The city waited with baited breath as the election results poured in. Going to sleep the night before, it seemed that Hilary was a sure thing but, like the Brexit vote in the UK, that reality seemed to crumble as morning turned to noon. By lunch time, a wave of shock and horror seemed to sweep all those whose company I kept. Like them, the thought of Donald J. Trump as the president of the United States and the “leader of the free world” was too outlandish to comprehend. But … the people spoke. At first, I was quite surprised at the emotional investment of the population, given that I was over 12 000 kilometres away in Nairobi, Kenya. However, I do realise that, beside the fact that the whole world seemed to be bombarded with news about the US electoral race, the politics and policies of the United States affects the whole world in one way or another. There are a few issues which have been illuminated by the results which warrant further discussion and reflection.
- Population Polarisation: The most stable democracies, the US and UK being the most recent example, are displaying deep divisions within societies.

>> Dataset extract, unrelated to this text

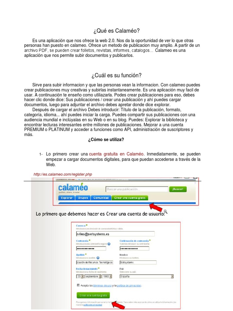 Sirve para subir informacion y que las personas vean la informacion. Con calameo puedes crear publicaciones muy creativas y subirlas instantaneamente. Es una aplicacin muy facil de usar. A continuacin te enseo como utiliazarla. Podes crear publicaciones para eso, debes hacer clic donde dice: Sus publicaciones / crear una publicacin y ah puedes cargar documentos, luego para adjuntar el archivo debes apretar donde dice explorar. Despus de cargar el archivo Debes introducir: Ttulo de la publicacin, formato, categora, idioma... ah puedes iniciar la carga. Puedes compartir sus publicaciones con una audiencia mundial e inclyalas en su Web o en su blog. Puedes: Explorar la biblioteca y encontrar lecturas interesantes entre millones de publicaciones. Mejorar a una cuenta PREMIUM o PLATINUM y acceder a funciones como API, administracin de suscriptores y ms. Cmo se utiliza?

While in both landmark elections more conservative political options triumphed, the results were almost 50/50.
- Extremist/Inward Looking Politics: Like Brexit, the most recent US election demonstrates a desire from the populous to concentrate on themselves and a redefining of what it means to be a citizen. For the United States, the election has sent a strong message to all people who do not fall into the category of heterosexual white men.
- Being an Example: I am not at all suggesting that US democracy does not have issues or that developing nations should look for examples outside themselves, however, with the US priding itself as being the champion of democracy and equality, how will they start conversations about gender equality when their president has proudly and repeatedly shown an absolute lack of respect for women? How will they facilitate conversations about inclusivity and respect for diversity when discriminatory politics has triumphed?
- The Majority: We cannot deny that Hilary had her flaws (for Africa, her involvement in Libya was an absolute disaster). However, probably the saddest take away from the election results is that during the campaign, it was assumed that Trump appealed to a small minority. However, the election demonstrated (the often unspoken) beliefs of the American public… the tired stereotypes that I thought, or rather hoped, the world were alive and kicking. Will discrimination ever die?
- An Opportunity: As has been reflected upon by a number of Americans disappointed by the results, this post-election period and going forward, is an opportunity to reinvigorate public participation and active citizenry… not just sitting around wallowing in grief but rather, doing something to improve the situation. It also gives political parties, especially the Democrats an opportunity to rethink their engagement with the entire country. Finally, and this is a lesson for citizens of functioning democracies throughout the world, your vote matters and not using that vote may lead to your worst nightmare!